= Beginning of Section =

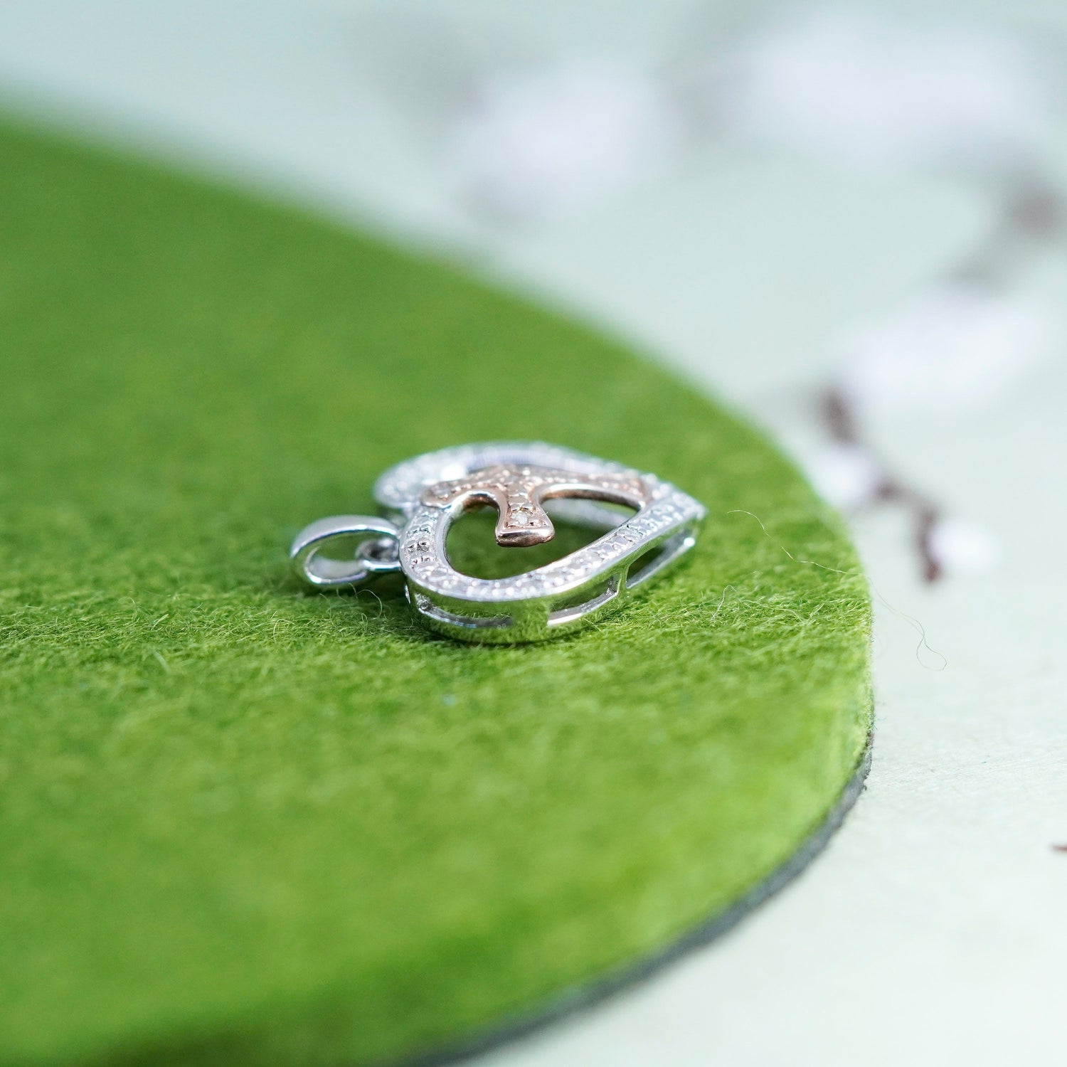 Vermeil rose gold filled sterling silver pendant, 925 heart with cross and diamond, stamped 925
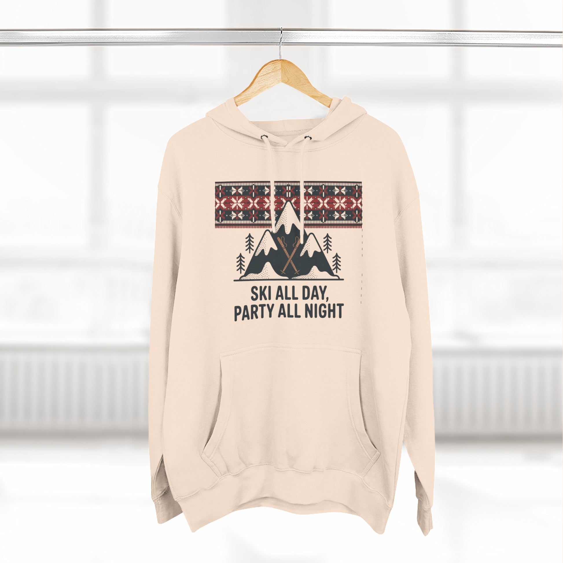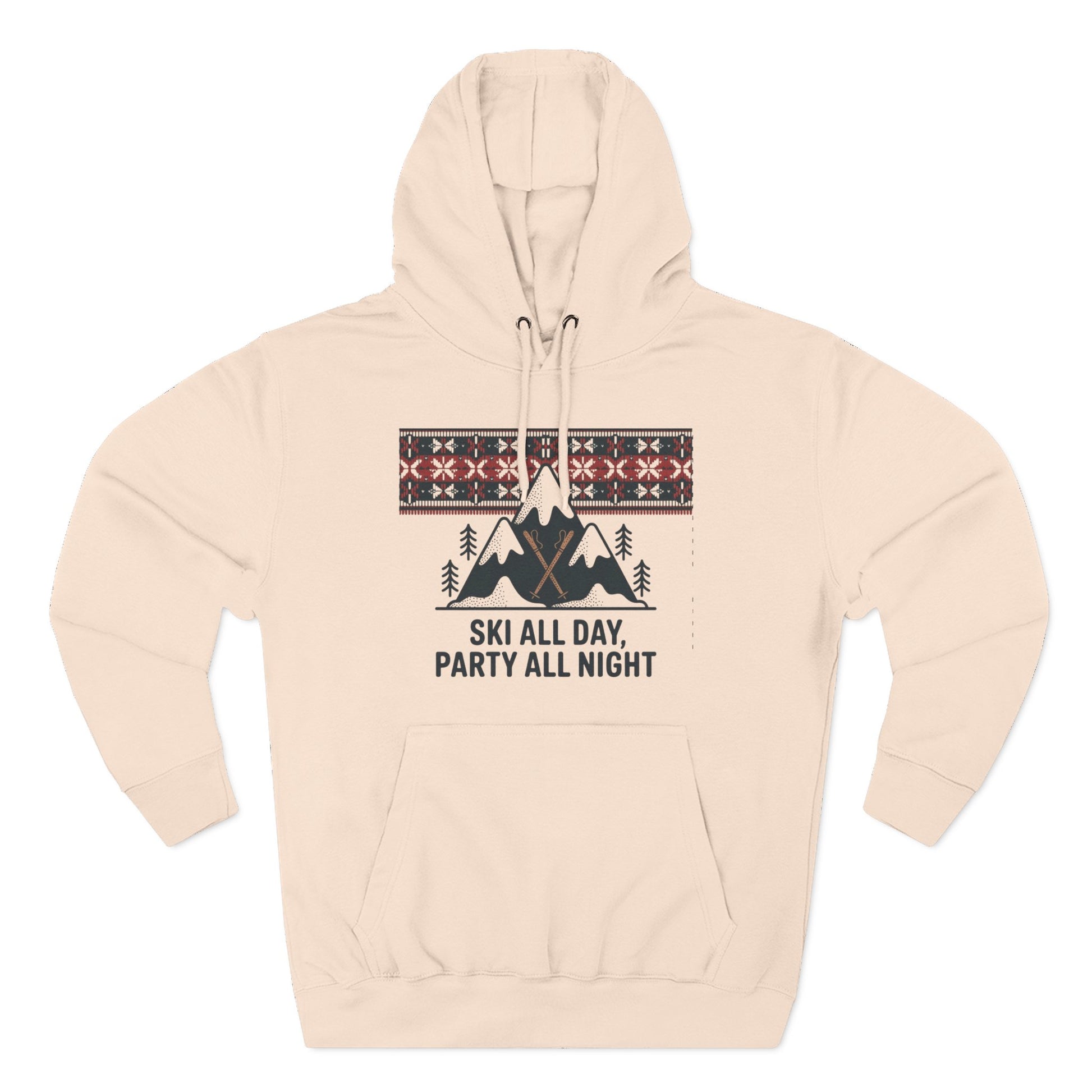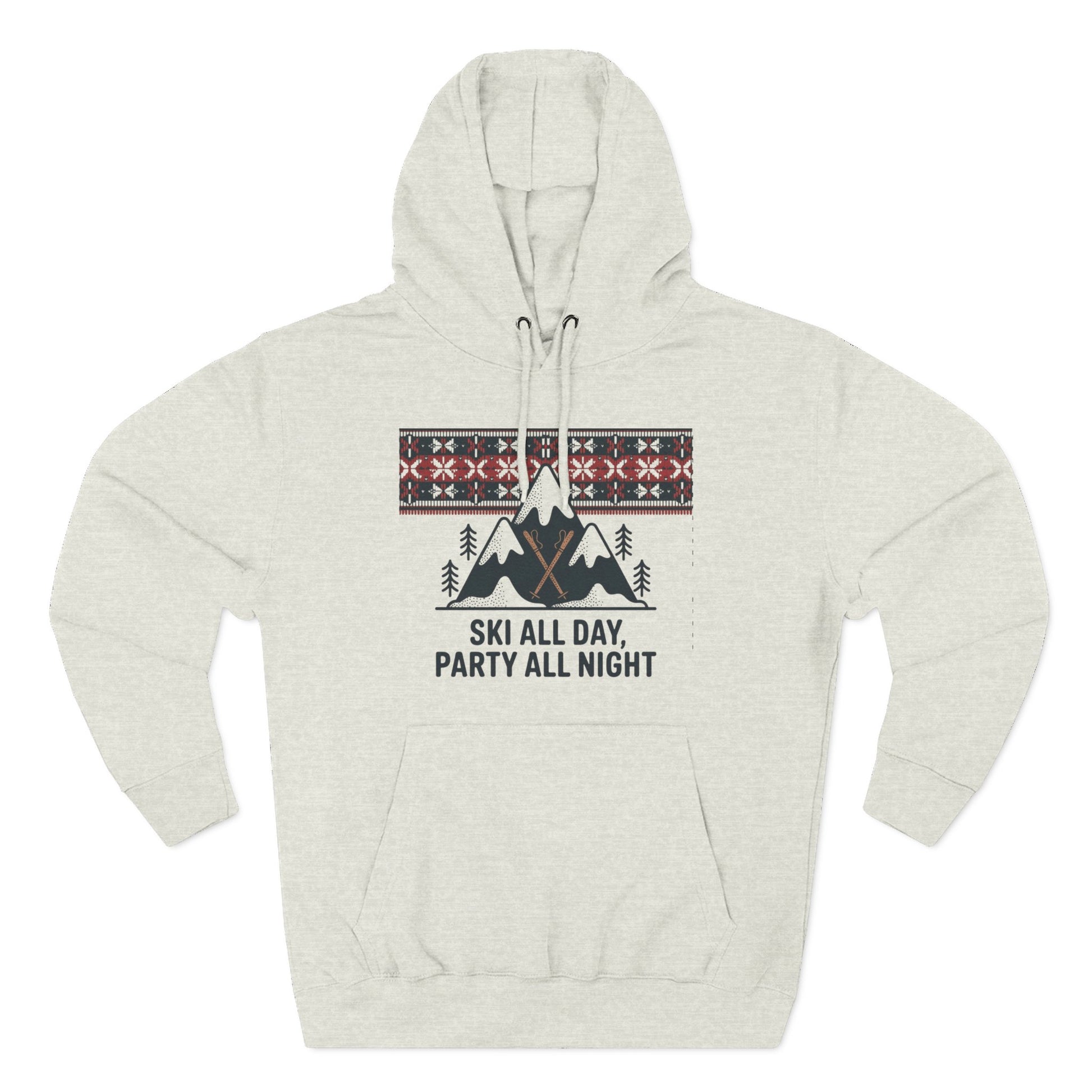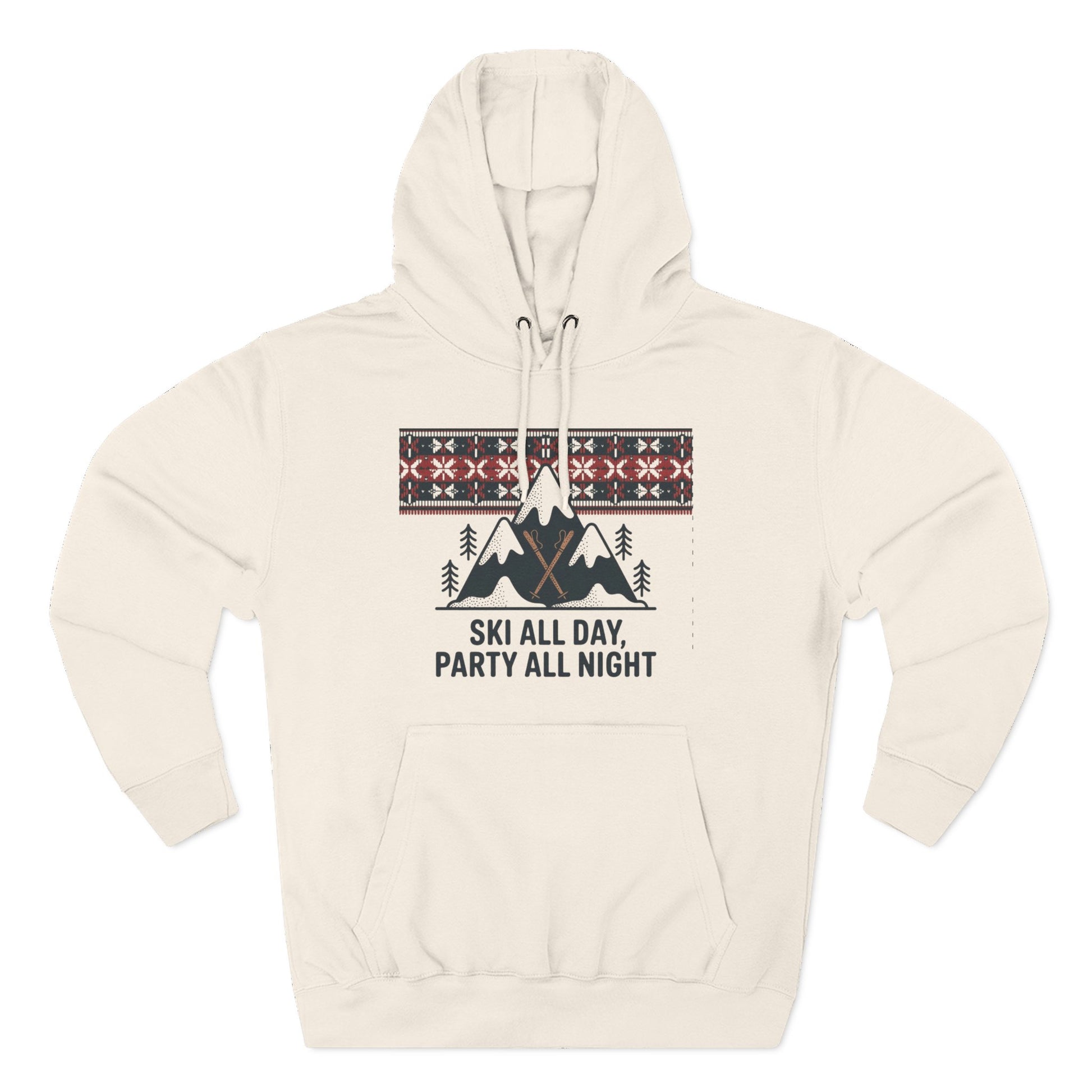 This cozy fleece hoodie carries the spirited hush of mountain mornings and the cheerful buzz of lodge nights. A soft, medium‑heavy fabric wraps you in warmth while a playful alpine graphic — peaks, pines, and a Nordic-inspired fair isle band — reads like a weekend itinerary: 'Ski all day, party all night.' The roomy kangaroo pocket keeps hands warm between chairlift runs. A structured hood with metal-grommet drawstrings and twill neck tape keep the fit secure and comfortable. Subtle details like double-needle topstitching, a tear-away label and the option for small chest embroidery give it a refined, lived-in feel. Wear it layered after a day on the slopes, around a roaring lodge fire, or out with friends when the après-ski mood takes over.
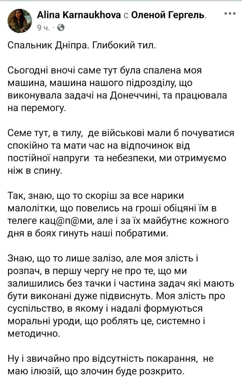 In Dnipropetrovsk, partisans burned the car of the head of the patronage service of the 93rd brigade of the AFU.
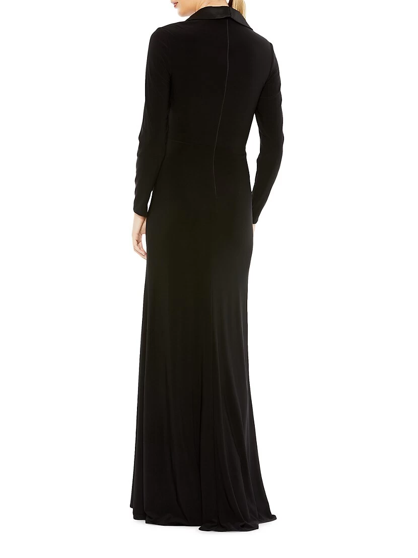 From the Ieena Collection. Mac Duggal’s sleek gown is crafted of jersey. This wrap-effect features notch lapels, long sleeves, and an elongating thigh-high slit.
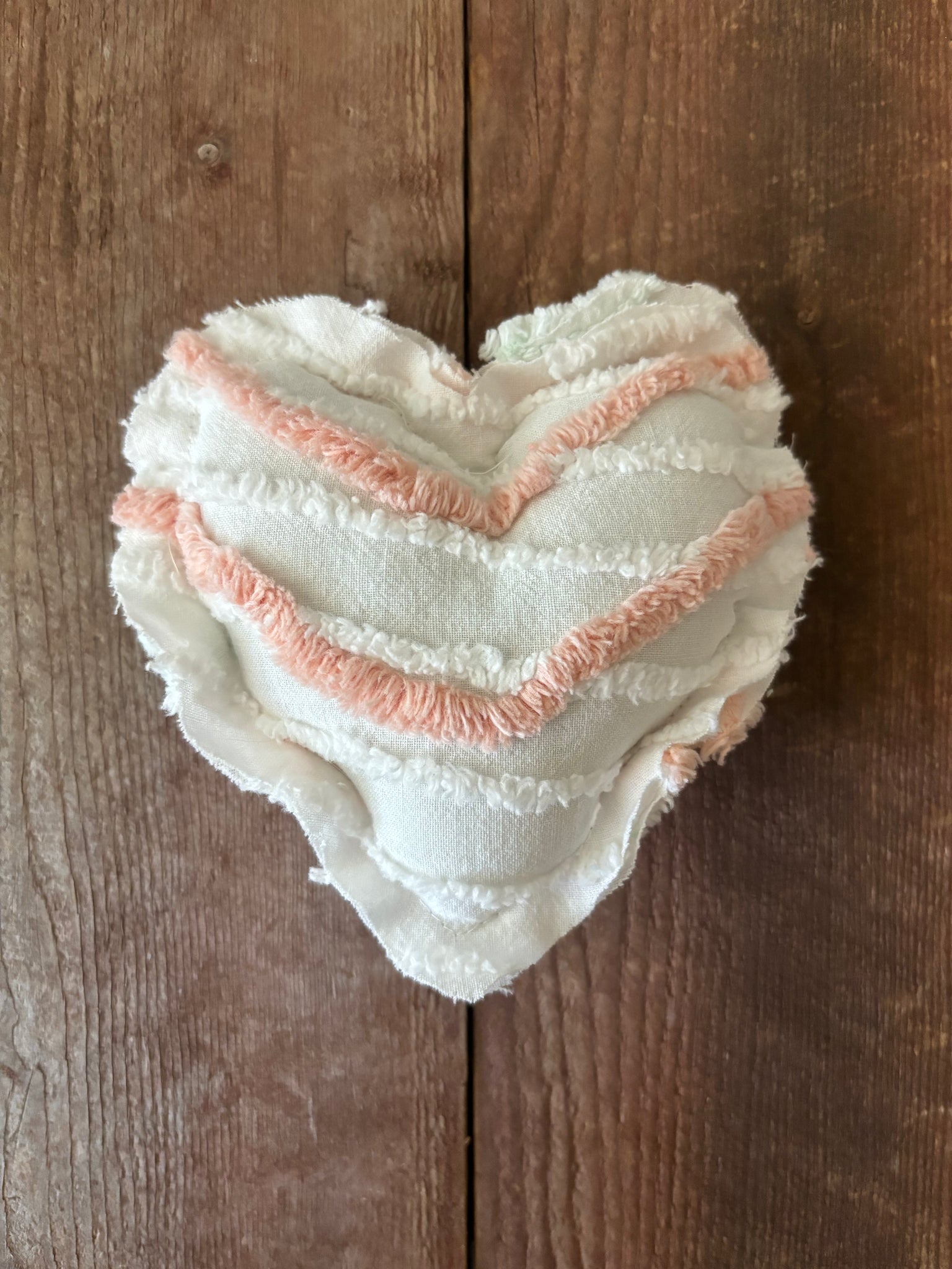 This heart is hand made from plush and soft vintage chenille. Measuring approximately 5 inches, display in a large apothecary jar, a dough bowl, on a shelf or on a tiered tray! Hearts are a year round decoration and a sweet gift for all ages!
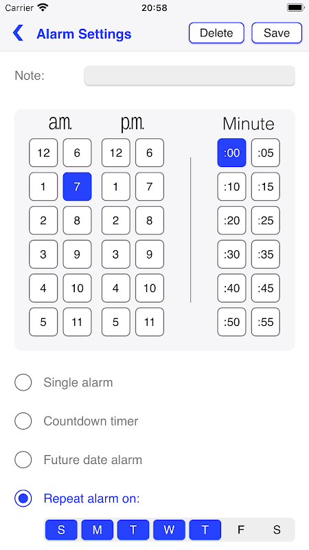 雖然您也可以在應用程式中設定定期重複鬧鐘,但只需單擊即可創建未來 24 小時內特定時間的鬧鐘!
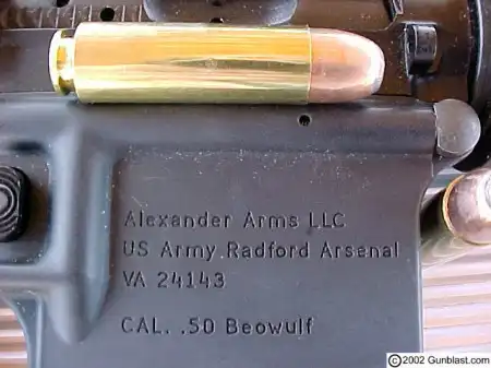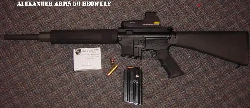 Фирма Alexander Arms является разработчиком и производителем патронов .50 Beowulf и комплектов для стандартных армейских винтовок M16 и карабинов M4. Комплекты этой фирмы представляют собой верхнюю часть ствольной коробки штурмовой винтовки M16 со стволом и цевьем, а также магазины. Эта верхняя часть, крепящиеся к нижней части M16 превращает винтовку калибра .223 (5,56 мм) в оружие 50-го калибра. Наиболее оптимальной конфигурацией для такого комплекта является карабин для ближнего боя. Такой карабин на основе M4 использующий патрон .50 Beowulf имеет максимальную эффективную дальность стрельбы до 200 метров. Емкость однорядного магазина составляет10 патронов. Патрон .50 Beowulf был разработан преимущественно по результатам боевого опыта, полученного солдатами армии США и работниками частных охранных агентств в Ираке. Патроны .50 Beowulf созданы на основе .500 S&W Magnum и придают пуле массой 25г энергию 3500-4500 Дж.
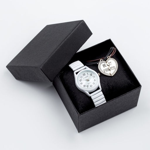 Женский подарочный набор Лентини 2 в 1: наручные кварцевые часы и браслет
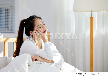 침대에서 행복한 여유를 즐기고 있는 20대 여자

= End of Section =

[Task requirements] The entries are to be printed exactly as written; the pictures are to be left out.

[Exercise result]
 Vermeil rose gold filled sterling silver pendant, 925 heart with cross and diamond, stamped 925
 This cozy fleece hoodie carries the spirited hush of mountain mornings and the cheerful buzz of lodge nights. A soft, medium‑heavy fabric wraps you in warmth while a playful alpine graphic — peaks, pines, and a Nordic-inspired fair isle band — reads like a weekend itinerary: 'Ski all day, party all night.' The roomy kangaroo pocket keeps hands warm between chairlift runs. A structured hood with metal-grommet drawstrings and twill neck tape keep the fit secure and comfortable. Subtle details like double-needle topstitching, a tear-away label and the option for small chest embroidery give it a refined, lived-in feel. Wear it layered after a day on the slopes, around a roaring lodge fire, or out with friends when the après-ski mood takes over.
 In Dnipropetrovsk, partisans burned the car of the head of the patronage service of the 93rd brigade of the AFU.
 From the Ieena Collection. Mac Duggal’s sleek gown is crafted of jersey. This wrap-effect features notch lapels, long sleeves, and an elongating thigh-high slit.
 This heart is hand made from plush and soft vintage chenille. Measuring approximately 5 inches, display in a large apothecary jar, a dough bowl, on a shelf or on a tiered tray! Hearts are a year round decoration and a sweet gift for all ages!
 雖然您也可以在應用程式中設定定期重複鬧鐘,但只需單擊即可創建未來 24 小時內特定時間的鬧鐘!
 Фирма Alexander Arms является разработчиком и производителем патронов .50 Beowulf и комплектов для стандартных армейских винтовок M16 и карабинов M4. Комплекты этой фирмы представляют собой верхнюю часть ствольной коробки штурмовой винтовки M16 со стволом и цевьем, а также магазины. Эта верхняя часть, крепящиеся к нижней части M16 превращает винтовку калибра .223 (5,56 мм) в оружие 50-го калибра. Наиболее оптимальной конфигурацией для такого комплекта является карабин для ближнего боя. Такой карабин на основе M4 использующий патрон .50 Beowulf имеет максимальную эффективную дальность стрельбы до 200 метров. Емкость однорядного магазина составляет10 патронов. Патрон .50 Beowulf был разработан преимущественно по результатам боевого опыта, полученного солдатами армии США и работниками частных охранных агентств в Ираке. Патроны .50 Beowulf созданы на основе .500 S&W Magnum и придают пуле массой 25г энергию 3500-4500 Дж.
 Женский подарочный набор Лентини 2 в 1: наручные кварцевые часы и браслет
 침대에서 행복한 여유를 즐기고 있는 20대 여자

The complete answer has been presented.